Marcin Meller poprosił grupę o wybranie dwóch osób uzdolnionych artystycznie. Żartobliwie dodał, że mogą mieć lęk wysokości. Być może w pewnym sensie chciał zasugerować grupie, iż powinni wskazać Bartka, który w grupie pełnił rolę wesołka, dbającego o dobrą atmosferę? Niezależnie od intencji prowadzącego Bartek faktycznie został wybrany, a razem z nim Hanka, która w wywiadzie opublikowanym jakiś czas temu na blogu wspominała, iż z faktu, iż mogła uczestniczyć w tym zadaniu była bardzo zadowolona. Pozostała grupa miała za zadanie zmierzyć się z pytaniami, potrawami i znalezieniem dorożki - przeczytacie o tym tutaj.

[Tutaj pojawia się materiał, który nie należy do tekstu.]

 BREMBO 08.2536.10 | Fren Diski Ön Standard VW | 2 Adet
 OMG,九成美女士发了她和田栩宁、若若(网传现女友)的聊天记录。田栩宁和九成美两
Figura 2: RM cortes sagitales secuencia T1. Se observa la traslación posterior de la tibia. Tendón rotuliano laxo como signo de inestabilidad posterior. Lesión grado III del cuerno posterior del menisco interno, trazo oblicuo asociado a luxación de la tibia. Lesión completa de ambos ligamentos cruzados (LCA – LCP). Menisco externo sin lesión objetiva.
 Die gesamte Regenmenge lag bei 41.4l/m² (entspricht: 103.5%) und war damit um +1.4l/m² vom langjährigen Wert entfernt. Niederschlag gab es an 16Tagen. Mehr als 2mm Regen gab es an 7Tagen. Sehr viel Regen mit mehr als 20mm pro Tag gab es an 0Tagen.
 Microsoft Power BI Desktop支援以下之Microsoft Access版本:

Lektor zasugerował, że wybrana dwójka po zadaniu, które było wykonywane dzień wcześniej może mieć problem, by ze sobą współpracować. Hanka wszak umieściła Bartka w grupie głupich... W programie jednak trudno było dostrzec, by były jakiekolwiek nieprzyjemności między wspomnianymi uczestnikami. Wybrana para w samochodzie znalazła kopertę, a w niej instrukcję, by pojechali do wskazanej szkoły flamenco, gdzie będą uczyć się wspomnianego tańca. - Musicie nauczyć się tańczyć tak dobrze, by wystąpić przed grupą i zakończyć zadanie.... - brzmiała końcówka instrukcji. Może to oznaczać, że Bartek i Hanka mogli myśleć, iż sam występ i publiczny taniec wystarczą, by zadanie zaliczyć.

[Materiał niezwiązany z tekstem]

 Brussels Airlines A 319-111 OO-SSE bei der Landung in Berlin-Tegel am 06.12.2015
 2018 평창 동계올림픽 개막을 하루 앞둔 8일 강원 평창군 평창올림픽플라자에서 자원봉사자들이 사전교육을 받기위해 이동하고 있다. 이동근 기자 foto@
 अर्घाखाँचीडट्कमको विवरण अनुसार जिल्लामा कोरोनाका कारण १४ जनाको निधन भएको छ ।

Po okresie kilkugodzinnej nauki wreszcie przyszedł czas na występ. Odpowiednio wystrojeni Hanka i Bartek pojawili się przed grupą i rozpoczęli taniec. Jak wspominała Hanka w wywiadzie, wyszedł z tego, zwłaszcza jeśli chodzi o Bartka, który nie miał poczucia rytmu, chodzony. Grupa oglądając popisy wspomnianej dwójki miała niezły ubaw. Śmiech towarzyszył w zasadzie całemu występowi, a po jego zakończeniu rozległy się gromkie brawa. Radość i śmiechy po zakończeniu zadania przerwał Marcin, mówiąc: - Zadanie flamenco warte było 5 tysięcy. Zadanie dorożka warte było 10 tysięcy. Im (wskazał na siódemkę) się udało, ale to, czy te dziesięć tysięcy trafi do puli nagród zależało, czy wy (wskazał na Hankę i Bartka) wykonacie swoje zadanie...

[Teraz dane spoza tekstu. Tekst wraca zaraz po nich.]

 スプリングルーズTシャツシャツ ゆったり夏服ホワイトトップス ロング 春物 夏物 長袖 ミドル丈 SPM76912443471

Okazało się, że nie wystarczyło nauczyć się flamenco i zatańczyć przed grupą. Dodatkowym warunkiem była długość braw po prezentacji, które nie mogły trwać krócej niż piętnaście sekund. Marcin oczywiście ogłaszając wynik wprowadził nieco stresu, mówiąc: - Brawa trwały równo 12 sekund... Po krótkiej chwili dodał jednak "... i jeszcze cztery sekundy". Oznaczało to, że obydwa zadania zostały zaliczone, a do puli nagród trafiło łącznie 15 tysięcy złotych.
Holandia. W szóstej edycji holenderskiej (odcinek 3) wybrana dwójka również miała nauczyć się tańczyć wybrany taniec - było to tango, co nie dziwi, bowiem edycja realizowana była w Argentynie. Dalsza część zadania była jednak inna niż w Polsce. Otóż grupa zarobiłaby 2 tysiące euro tylko wówczas, jeśli spośród pięciu tańczących par rozpoznałaby uczestników agenta. Trudność polegała na tym, iż wszyscy (po kolei, po jednej parze) tańczyli za specjalnym ekranem, przez który widoczne były tylko dokładne cienie tańczących. Grupa wskazała błędną parę, pieniędzy nie udało się więc zarobić, a dodatkowo tańczący otrzymali "zielone piórka".
Jedyne zadanie 2 edycji, w którym nie były jasne warunki zaliczenia. Ujawniając reguły po fakcie produkcja mogła sobie dobrowolnie zadanie zaliczyć bądź nie. Dla grupy dorożkowej powinny przynajmniej pojawiać się jakieś podpowiedzi w trakcie zadania w kwestii długości braw. Coś w stylu francuskich napisów z 3 odcinka 1 edycji gdy mieli odpowiadać źle.